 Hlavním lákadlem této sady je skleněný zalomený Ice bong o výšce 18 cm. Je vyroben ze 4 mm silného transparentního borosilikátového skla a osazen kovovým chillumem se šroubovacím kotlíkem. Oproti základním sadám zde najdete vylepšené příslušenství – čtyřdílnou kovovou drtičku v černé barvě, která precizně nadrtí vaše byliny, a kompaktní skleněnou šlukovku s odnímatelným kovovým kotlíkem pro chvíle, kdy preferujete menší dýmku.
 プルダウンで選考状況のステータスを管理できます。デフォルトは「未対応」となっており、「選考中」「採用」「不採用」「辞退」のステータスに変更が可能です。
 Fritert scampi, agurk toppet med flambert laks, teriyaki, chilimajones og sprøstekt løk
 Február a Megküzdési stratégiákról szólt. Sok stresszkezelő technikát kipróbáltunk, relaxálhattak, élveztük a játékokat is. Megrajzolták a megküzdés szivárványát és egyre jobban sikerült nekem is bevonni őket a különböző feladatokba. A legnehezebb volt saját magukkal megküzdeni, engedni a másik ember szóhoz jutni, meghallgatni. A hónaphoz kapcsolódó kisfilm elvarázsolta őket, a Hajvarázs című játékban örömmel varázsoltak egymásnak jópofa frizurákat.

* * *

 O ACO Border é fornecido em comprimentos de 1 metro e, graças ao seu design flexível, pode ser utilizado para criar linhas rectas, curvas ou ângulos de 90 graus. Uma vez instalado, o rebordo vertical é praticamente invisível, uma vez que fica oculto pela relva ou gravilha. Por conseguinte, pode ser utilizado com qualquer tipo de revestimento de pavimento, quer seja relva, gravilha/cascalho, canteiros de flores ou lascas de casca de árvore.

* * *

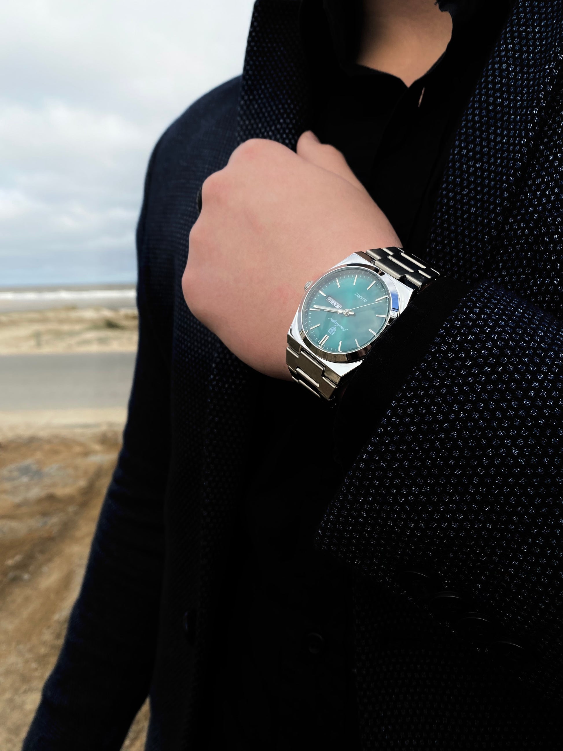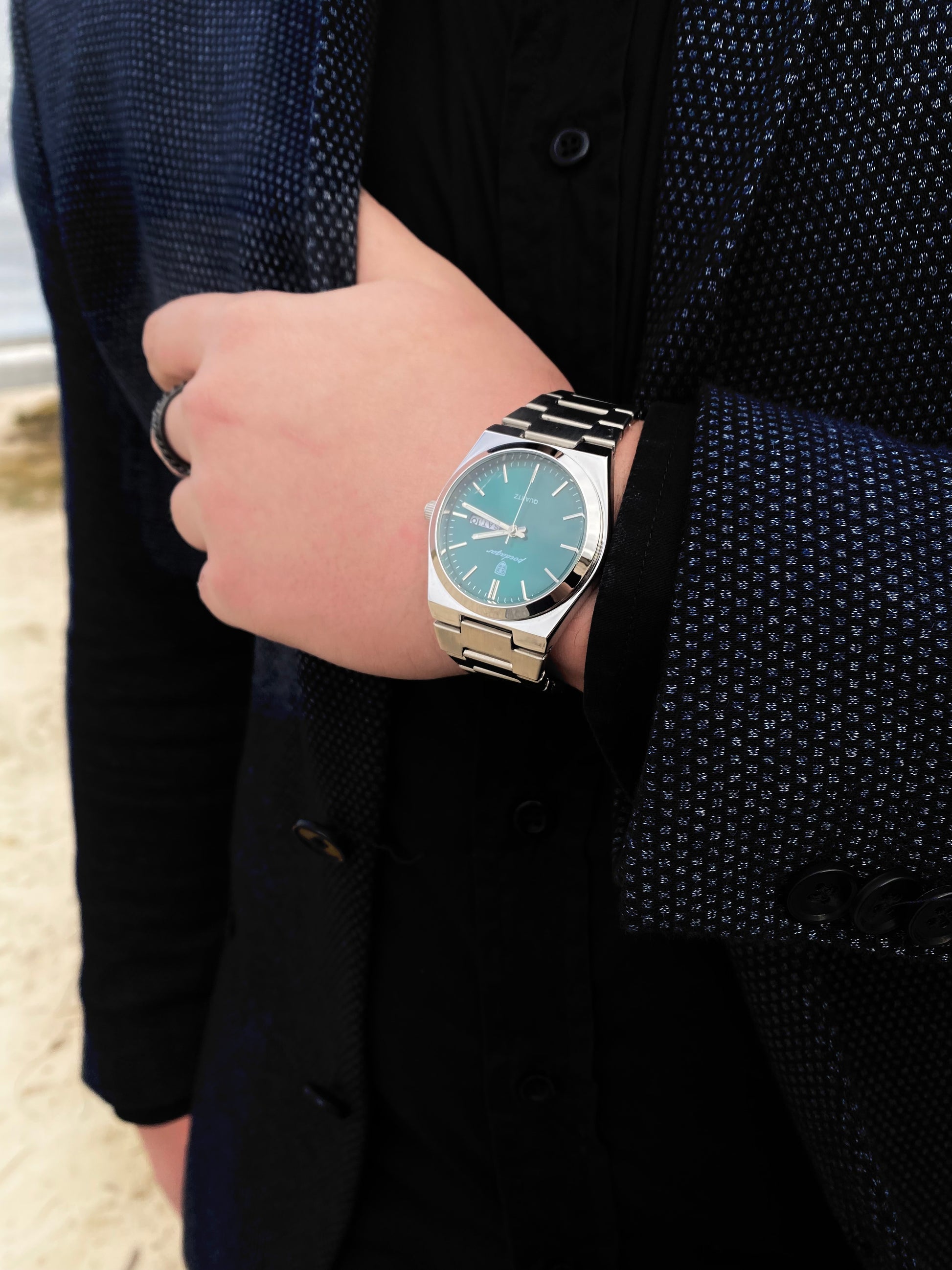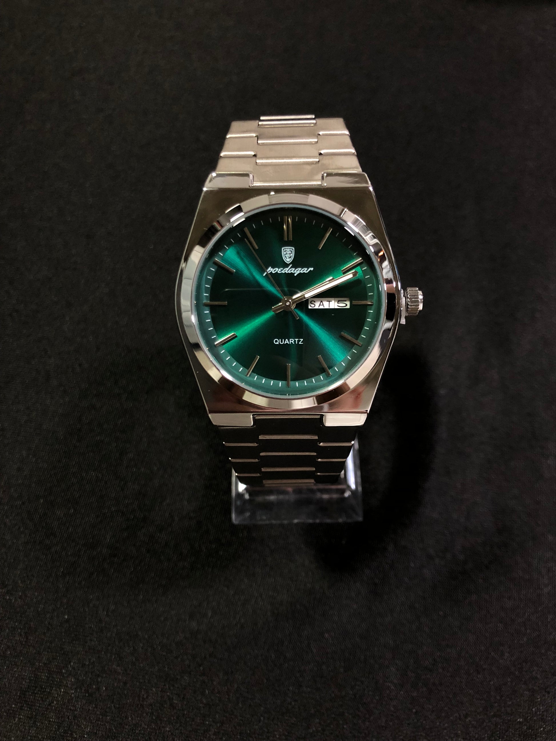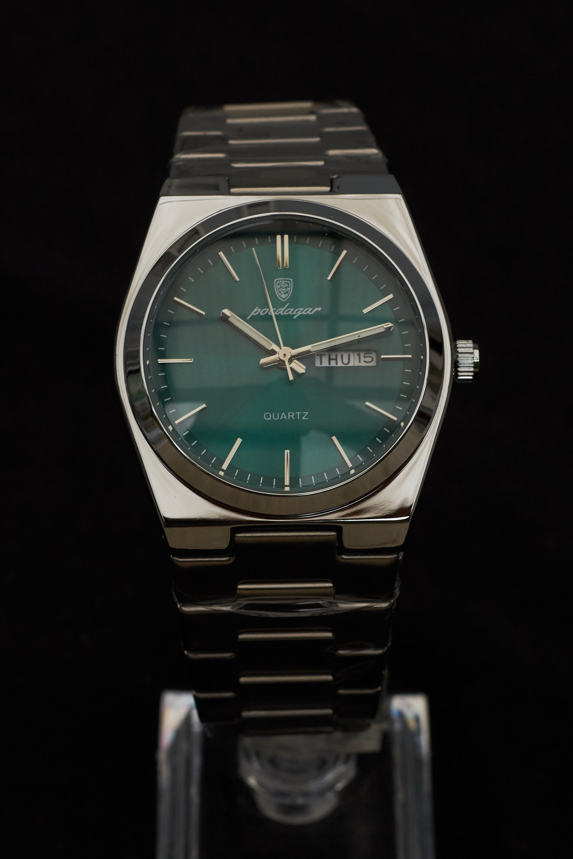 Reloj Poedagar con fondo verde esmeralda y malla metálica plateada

Prompt:
Write out exactly the lines above between the line with "Fritert scampi, agurk" and the line with "Február a Megküzdési", inclusive, and nothing beyond them.

Problem solution:
 Fritert scampi, agurk toppet med flambert laks, teriyaki, chilimajones og sprøstekt løk
 Február a Megküzdési stratégiákról szólt. Sok stresszkezelő technikát kipróbáltunk, relaxálhattak, élveztük a játékokat is. Megrajzolták a megküzdés szivárványát és egyre jobban sikerült nekem is bevonni őket a különböző feladatokba. A legnehezebb volt saját magukkal megküzdeni, engedni a másik ember szóhoz jutni, meghallgatni. A hónaphoz kapcsolódó kisfilm elvarázsolta őket, a Hajvarázs című játékban örömmel varázsoltak egymásnak jópofa frizurákat.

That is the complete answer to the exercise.